I am a believer that if you are going to do something do it all the way. i do not agree with etomidate only intubations for sveral reasons. very rarely does it provide adequit relaxation unless the pt is already obtunded and very tired. there is several documented cases of it also causing periods of trismus after administration by itself, (ill see if i can find those studies and post em here). and there is the already mentioned laryngospam

there was 1 or 2 studies done about 5 or 6 years ago that did not make a good case for field RSI by paramedics. i believe the success rate was only 85% and a lot of documented cases of dropping 02 sats druing these studies. now, i have personally witnessed some very poor RSIs in several different EDs by both seasoned attendings and residents, of small hospitals and of trauma centers some of which resulting in multiple attempts, low o2 sats, severe bradycardia and arrest. from my veiw point, few would have been considered difficult(always easy to say when the scope is not my hand) but seem to have been more due to poor skill and poor overall airway management.
 
I've been doing RSII for almost 14 years. We first used versed and vecuronium. It worked, but it was a pain to have to reconstitute the vec, and it took as long as 3 minutes to work. I currently use etomidate and sux. (vec for a renal or burn patient) Onset of effects is almost instantaneous. tones...more later
 
part2. Now, at the service where I work we are busy, and intubate frequently enough that we are good at it. I feel confident in our ability to use paralytics because we ventilate adequately and we are not too embarrassed to roll into the ED with an OPA/BVM or LMA in place if we were unable to place the tube. I have done this more than once. I wish we had CPAP or BIPAP here. I'm told the hospitals here would not be prepared to handle it if we did, so it's on a back burner for now. I really like having the option of RSII in CVAs and head trauma. I have twice needed it to intubate burn patients and barely got the tube in due to swelling. IMHO, having RSII is better than not having it.
 
I think RSI is a very useful tool in the right hands. This is why we're only expanding it to select Intensive Care Paramedics as to create a better degree of skill retention per officer.

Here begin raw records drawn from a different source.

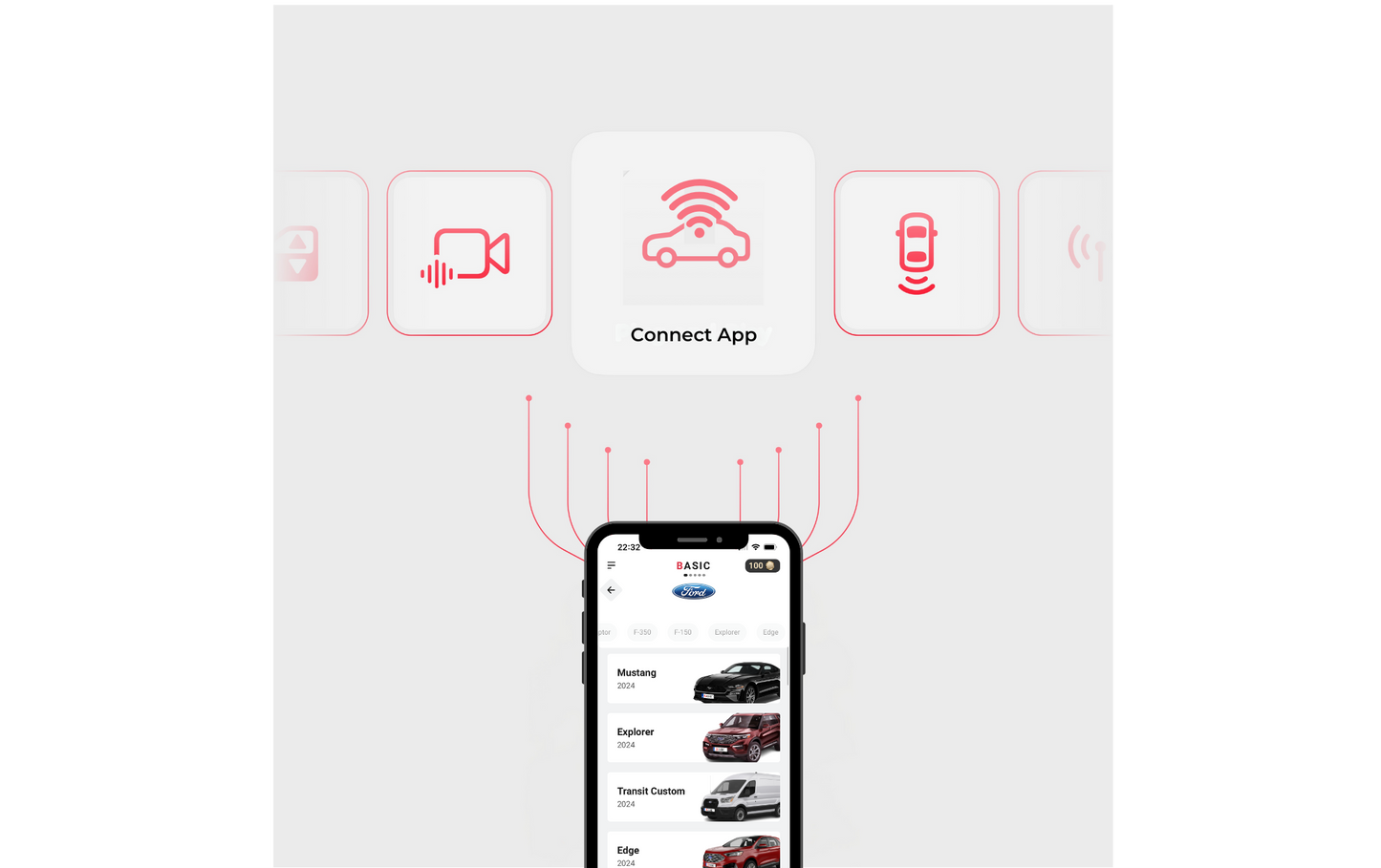 Ouvrez l’application BASIC Europe et laissez-la détecter automatiquement votre appareil via Bluetooth. Aucune compétence particulière n’est nécessaire : l’application s’occupe de tout. Choisissez la marque et le modèle de votre véhicule, puis parcourez le catalogue des fonctions disponibles prêtes à être activées.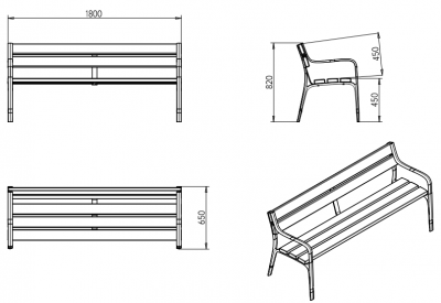 Siège et dossier en ReBnew, banquette avec accoudoirs en polymère injecté sous haute pression. Finition teinte marson. Sans entretien, éclats ni fissures, ne pourrit pas. Résistant à l’humidité, intempéries et tout type d’agents chimiques.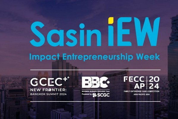 สถาบันบัณฑิตบริหารธุรกิจ ศศินทร์ แห่งจุฬาลงกรณ์มหาวิทยาลัย (Sasin School of Management) เตรียมจัดงาน Sasin Impact Entrepreneurship Week 2024 (SasinIEW) ระหว่างวันที่ 19-23 มิถุนายน 2567 โดยมีความมุ่งหมายที่จะส่งเสริมความร่วมมือระหว่างผู้มีส่วนได้ส่วนเสียหลากหลายฝ่าย ทั้งผู้ประกอบการ สตาร์ทอัพ นักลงทุน ผู้กำหนดนโยบาย นิสิตนักศึกษา ภาคธุรกิจ และประชาชนทั่วไป เนื้อหาหลักของงานมุ่งส่งเสริมการเป็นผู้ประกอบการ นวัตกรรม การเปิดกว้าง ผลกระทบเชิงบวกจากภาคธุรกิจ และความยั่งยืน

Now I do agree that it is inconsistent with say one ambo being able to RSI and another not but this is not like when we introduced ondansteron; these are not simple drugs and skills being dealt with.

Five years ago it was "never" going to be seen as standard but rather only for "selected" Paramedics (ILS) to have adrenaline, morphine and naloxone but that is being given to every officer now over the next few years.

With that in mind, in five years RSI might change too.